Abstract

Colchicine is an ancient agent with well-known anti-inflammatory effects and commonly used in treatment of hyperinflammatory conditions. It has been argued that colchicine could be an appropriate treatment option in COVID-19 to control hyperinflammatory response. Here in this study, we aimed to investigate the impact of colchicine on outcomes of COVID-19 in our inpatient cohort. In this retrospective cohort study, hospitalized COVID-19 patients were investigated. Demographics, comorbidities, COVID-19 symptoms, laboratory findings on admission and discharge, baseline and seventh day oxygenation status, rates of mortality, intensive care unit admission, administration of other anti-inflammatory treatments and length of hospital stay were compared between patients who received standard of care medications and who received colchicine additionally. Three hundred and thirty-six patients were included in the study (171 standard of care, 165 standard of care plus colchicine). The median length of hospital stay in colchicine group was significantly shorter. Rates of admission to intensive care unit, anti-inflammatory treatment administration and mortality did not differentiate between standard of care and colchicine groups. However, reduced rates of mortality and ICU admission were observed in patients who received colchicine with a dose of 1 mg/day when compared to patients who received 0.5 mg/day. Our study demonstrated that COVID-19 patients who received colchicine in addition to standard of care had shorter hospital stay.
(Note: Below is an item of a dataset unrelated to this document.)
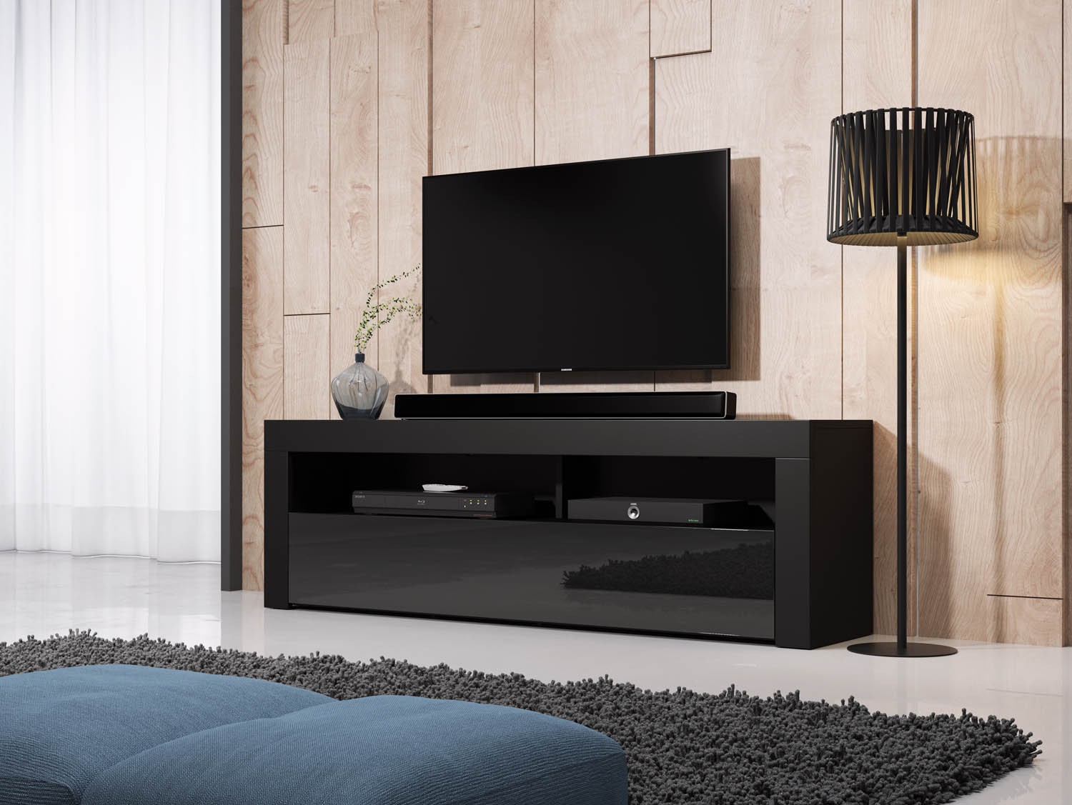 Ste pripravljeni za osvežitev vaše dnevne sobe ali imate popolnoma novo dnevno sobo ki nestrpno čaka na novo pohištvo? Ker je dnevna soba prostor v katerega sprejmemo goste je zelo pomembno, kakšno pohištvo izberemo in za kakšno postavitev se odločimo. S ponosom vam predstavljamo TV omarica TITAN črna visoki sijaj/mat črna 160 cm + LED, ki poskrbi za prijeten in lep ambient vaše dnevne sobe, prav tako pa ne zavzame veliko prostora zato bo prostor še vedno prostoren. TV omarica TITAN črna visoki sijaj 160 cm + LEDu dodajte še osebni pridih z dodatnimi dekorativnimi predmeti in slikami, da boste res ponosni na izgled svoje dnevne sobe.
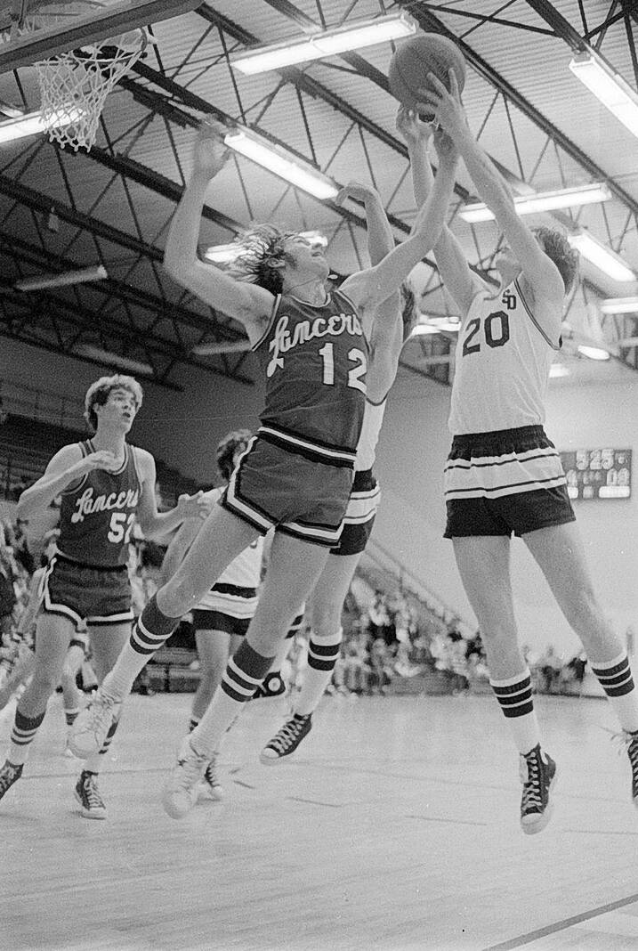Edinburgh’s Bryan Burton (12) and South Decatur’s Mark Campbell (20) vie for a rebound during Dec. 16, 1975’s game near Westport.

Our results further support the use of colchicine in treatment of COVID-19, particularly with a dose of 1 mg/day.

Highlights

  • Colchicine is an ancient agent with well-known anti-inflammatory effects and commonly used in treatment of hyperinflammatory conditions

  • Colchicine, an alkaloid derived from Colchicum autumnale, inhibits intracellular microtubules leading to alterations in various inflammatory processes including superoxide production, neutrophil chemotaxis and adhesion by affecting the cytokine network through interleukin (IL) 1β inhibition [4,5]

  • Reduced rates of mortality and intensive care unit (ICU) admission were observed in patients who received colchicine with a dose of 1 mg/day when compared to patients who received 0.5 mg/day (Table 6)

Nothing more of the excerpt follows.